:: PROVIDED DATA

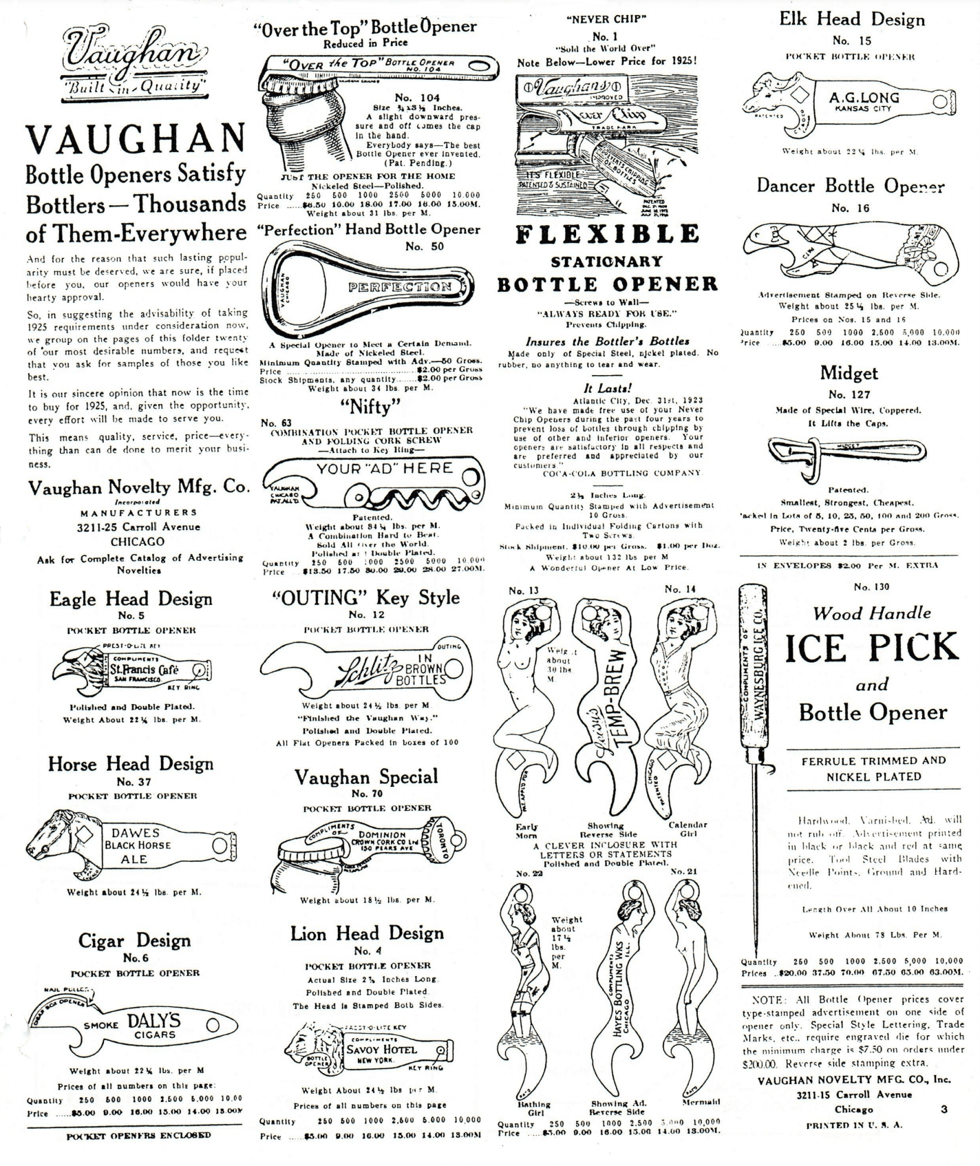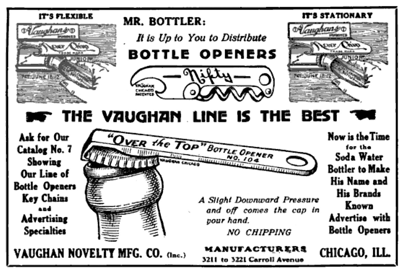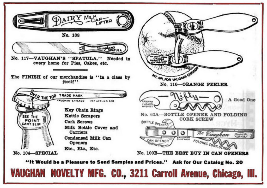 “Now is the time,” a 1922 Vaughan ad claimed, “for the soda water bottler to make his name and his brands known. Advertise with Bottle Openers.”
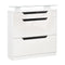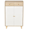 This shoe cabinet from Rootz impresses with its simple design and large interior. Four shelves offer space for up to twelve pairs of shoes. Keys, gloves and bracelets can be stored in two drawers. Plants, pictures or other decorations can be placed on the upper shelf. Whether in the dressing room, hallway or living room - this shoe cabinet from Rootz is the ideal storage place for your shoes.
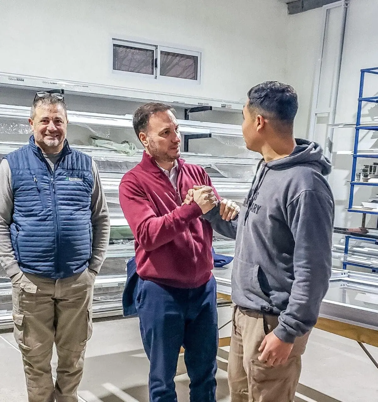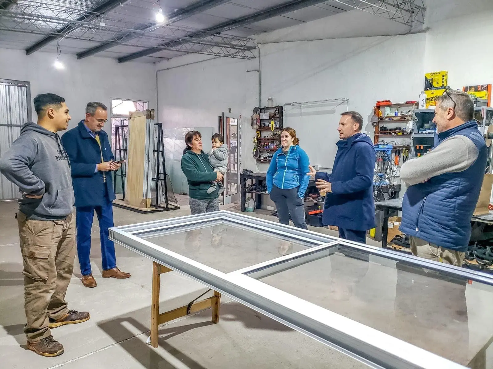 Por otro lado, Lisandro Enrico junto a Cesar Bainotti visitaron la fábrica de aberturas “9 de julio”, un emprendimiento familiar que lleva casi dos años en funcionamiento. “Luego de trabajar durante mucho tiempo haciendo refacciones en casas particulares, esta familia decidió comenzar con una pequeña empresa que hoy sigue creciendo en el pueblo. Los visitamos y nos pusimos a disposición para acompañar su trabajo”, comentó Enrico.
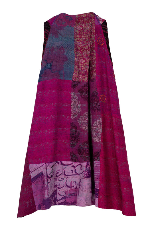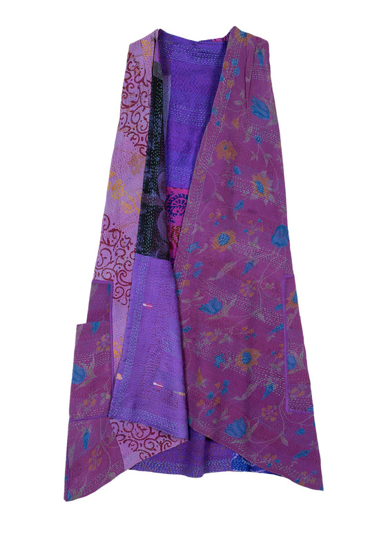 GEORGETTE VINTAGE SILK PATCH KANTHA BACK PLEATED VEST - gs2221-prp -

::::

WORK ITEM:
Could you restate all of the data above word for word and skip every picture?

PROBLEM SOLUTION:
 “Now is the time,” a 1922 Vaughan ad claimed, “for the soda water bottler to make his name and his brands known. Advertise with Bottle Openers.”
 This shoe cabinet from Rootz impresses with its simple design and large interior. Four shelves offer space for up to twelve pairs of shoes. Keys, gloves and bracelets can be stored in two drawers. Plants, pictures or other decorations can be placed on the upper shelf. Whether in the dressing room, hallway or living room - this shoe cabinet from Rootz is the ideal storage place for your shoes.
 Por otro lado, Lisandro Enrico junto a Cesar Bainotti visitaron la fábrica de aberturas “9 de julio”, un emprendimiento familiar que lleva casi dos años en funcionamiento. “Luego de trabajar durante mucho tiempo haciendo refacciones en casas particulares, esta familia decidió comenzar con una pequeña empresa que hoy sigue creciendo en el pueblo. Los visitamos y nos pusimos a disposición para acompañar su trabajo”, comentó Enrico.
 GEORGETTE VINTAGE SILK PATCH KANTHA BACK PLEATED VEST - gs2221-prp -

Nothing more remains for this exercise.